TASK REQUIREMENTS: Print out the data precisely as it appears here, with no pictures.

DATA PROVIDED:
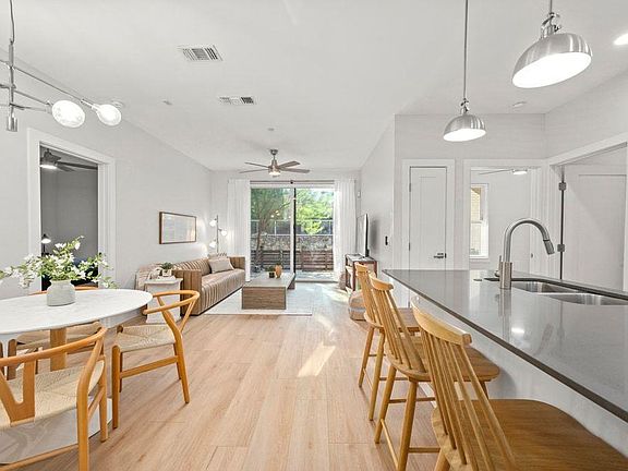 Tucked into the tree-lined community of The Denizen in 78704, Dulce Lane offers the opportunity to own a serene, design-forward residence in the heart of Austin’s most coveted zip code. This 2-bedroom, 2-bath home seamlessly blends modern interiors with smart upgrades and private outdoor living. Inside, fresh paint and new flooring set a warm, inviting tone, while an open-concept layout connects the living, dining, and kitchen areas effortlessly. The generously sized bedrooms include a tranquil primary suite, which provides for a peaceful retreat. Outside, a private yard and covered patio offer space to dine, relax, or entertain under the Texas sky. The attached one-car garage, enhanced storage, and in-unit laundry add to the ease of daily life. What truly sets this home apart is its setting within The Denizen, a thoughtfully designed urban oasis that spans 3.5 acres of open green space and community amenities. From a half-acre vegetable garden irrigated by rainwater collection, to two dog parks, a sparkling pool, an amphitheater, and a community house, this is a neighborhood built for connection and balance. With downtown just minutes away, and access to trails, Zilker Park, and South Lamar’s beloved eateries and shops, this is Austin living at its most inspiring.
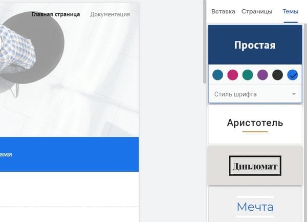 3. «Темы» — варианты оформления сайта. В редакторе есть несколько пресетов, в которых можно менять цвет подложки и стиль шрифта.
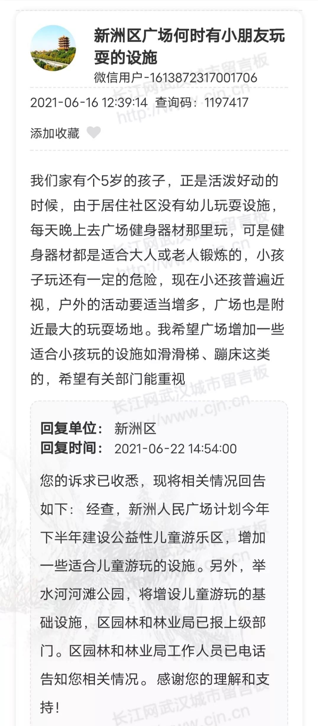 网友:希望新洲区广场增加一些适合小孩玩的设施如滑滑梯、蹦床这类的。
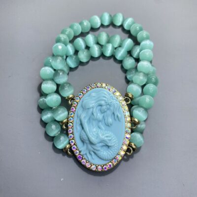 Thời Trung Cổ Phong Cách Phương Tây Ba Chiều Chạm Khắc Opal Tự Nhiên Đính Hạt Đàn Hồi Vòng Tay Retro Xanh Nàng Tiên Cá Vòng Tay
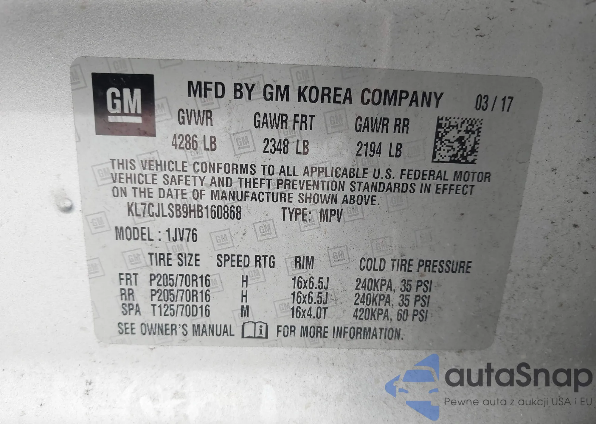 LOT: 43974229 VIN: KL7CJLSB9HB160868
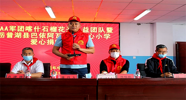 校长古力布斯坦·吾布力同志接受此次捐赠,并代表全校师生向“喀什石榴花开爱心公益团队”及其全体干部职工表达了衷心的感谢。古校长说:“感谢你们对我校发展的支持和关心,你们的到来让我们倍感温暖,我们一定会励精图治,严谨办学,努力把我校办成一所社会认可、领导满意、家长拥护、学生成才的学校。” 古校长也借此机会要求全体教师:上好每一堂课,做好每一件事,教好每一个学生,培养出更多对社会有用之才。无愧于社会的重托,无愧于人民的期望。要求全体学生:要把滴水之恩,化作自强不息、奋发学习的动力,用优异的成绩,回报父母的养育之恩,老师的培育之恩,社会的关爱之情。
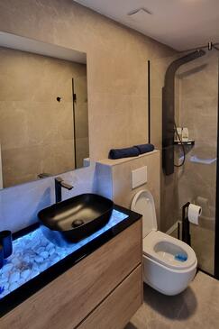 Az Apartman 4 főt tud fogadni. Az ágyak a/az 1 hálószobában, és a nappaliban/ben vannak, melynek méretei 54m2. A forró nyári estéket a vendégek saját teraszukon élvezhetik. Az apartmanból tengerre néző kilátás nyílik. A közös barbecue-helyet a vendég szabadon használhatja.
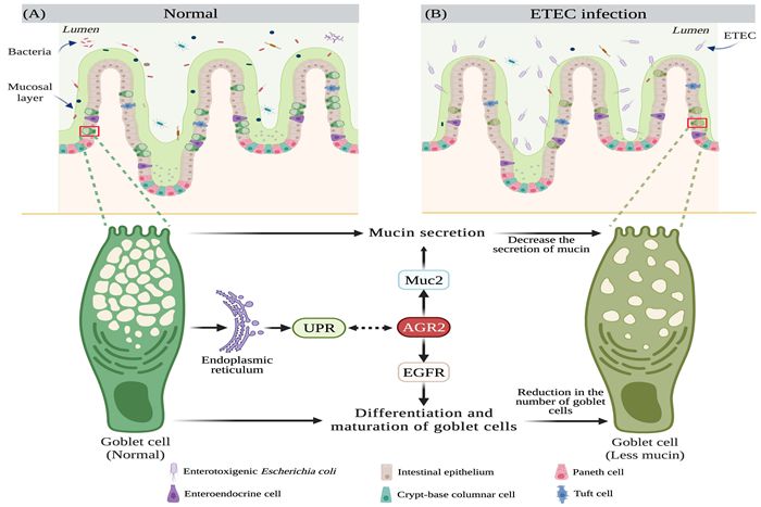 仔猪早期断奶产生的断奶应激使其肠黏膜屏障受损,易诱发多种细菌性肠道疾病,产肠毒素大肠杆菌(ETEC)被认为是引起仔猪断奶后腹泻的主要原因。该篇综述论文关注ETEC感染后,仔猪肠道出现杯状细胞数量减少、粘蛋白分泌减少、粘液层变薄等现象,分析了维持肠道细胞内质网稳态的重要响应蛋白前梯度蛋白2(AGR2)在参与未折叠蛋白反应(UPR)信号通路级联反应中的关键作用,提出AGR2特异性结合表皮生长因子受体(EGFR)和粘蛋白2(MUC2)进而调控杯状细胞分化、成熟和粘蛋白合成和分泌,影响杯状细胞的数量和粘液层的完整性,调控ETEC感染所致的断奶仔猪肠黏膜屏障损伤修复的分子机制。
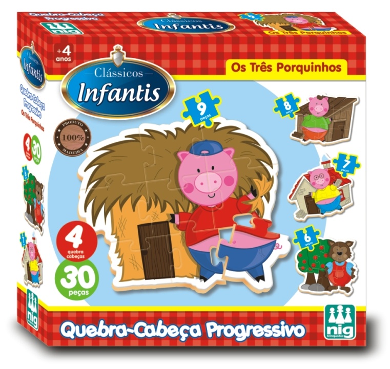 Os porquinhos mais queridos e trapalhões e suas casinhas estão no Quebra-cabeça Progressivo Os Três Porquinhos da NIG.

TASK OUTPUT:
 Tucked into the tree-lined community of The Denizen in 78704, Dulce Lane offers the opportunity to own a serene, design-forward residence in the heart of Austin’s most coveted zip code. This 2-bedroom, 2-bath home seamlessly blends modern interiors with smart upgrades and private outdoor living. Inside, fresh paint and new flooring set a warm, inviting tone, while an open-concept layout connects the living, dining, and kitchen areas effortlessly. The generously sized bedrooms include a tranquil primary suite, which provides for a peaceful retreat. Outside, a private yard and covered patio offer space to dine, relax, or entertain under the Texas sky. The attached one-car garage, enhanced storage, and in-unit laundry add to the ease of daily life. What truly sets this home apart is its setting within The Denizen, a thoughtfully designed urban oasis that spans 3.5 acres of open green space and community amenities. From a half-acre vegetable garden irrigated by rainwater collection, to two dog parks, a sparkling pool, an amphitheater, and a community house, this is a neighborhood built for connection and balance. With downtown just minutes away, and access to trails, Zilker Park, and South Lamar’s beloved eateries and shops, this is Austin living at its most inspiring.
 3. «Темы» — варианты оформления сайта. В редакторе есть несколько пресетов, в которых можно менять цвет подложки и стиль шрифта.
 网友:希望新洲区广场增加一些适合小孩玩的设施如滑滑梯、蹦床这类的。
 Thời Trung Cổ Phong Cách Phương Tây Ba Chiều Chạm Khắc Opal Tự Nhiên Đính Hạt Đàn Hồi Vòng Tay Retro Xanh Nàng Tiên Cá Vòng Tay
 LOT: 43974229 VIN: KL7CJLSB9HB160868
 校长古力布斯坦·吾布力同志接受此次捐赠,并代表全校师生向“喀什石榴花开爱心公益团队”及其全体干部职工表达了衷心的感谢。古校长说:“感谢你们对我校发展的支持和关心,你们的到来让我们倍感温暖,我们一定会励精图治,严谨办学,努力把我校办成一所社会认可、领导满意、家长拥护、学生成才的学校。” 古校长也借此机会要求全体教师:上好每一堂课,做好每一件事,教好每一个学生,培养出更多对社会有用之才。无愧于社会的重托,无愧于人民的期望。要求全体学生:要把滴水之恩,化作自强不息、奋发学习的动力,用优异的成绩,回报父母的养育之恩,老师的培育之恩,社会的关爱之情。
 Az Apartman 4 főt tud fogadni. Az ágyak a/az 1 hálószobában, és a nappaliban/ben vannak, melynek méretei 54m2. A forró nyári estéket a vendégek saját teraszukon élvezhetik. Az apartmanból tengerre néző kilátás nyílik. A közös barbecue-helyet a vendég szabadon használhatja.
 仔猪早期断奶产生的断奶应激使其肠黏膜屏障受损,易诱发多种细菌性肠道疾病,产肠毒素大肠杆菌(ETEC)被认为是引起仔猪断奶后腹泻的主要原因。该篇综述论文关注ETEC感染后,仔猪肠道出现杯状细胞数量减少、粘蛋白分泌减少、粘液层变薄等现象,分析了维持肠道细胞内质网稳态的重要响应蛋白前梯度蛋白2(AGR2)在参与未折叠蛋白反应(UPR)信号通路级联反应中的关键作用,提出AGR2特异性结合表皮生长因子受体(EGFR)和粘蛋白2(MUC2)进而调控杯状细胞分化、成熟和粘蛋白合成和分泌,影响杯状细胞的数量和粘液层的完整性,调控ETEC感染所致的断奶仔猪肠黏膜屏障损伤修复的分子机制。
 Os porquinhos mais queridos e trapalhões e suas casinhas estão no Quebra-cabeça Progressivo Os Três Porquinhos da NIG.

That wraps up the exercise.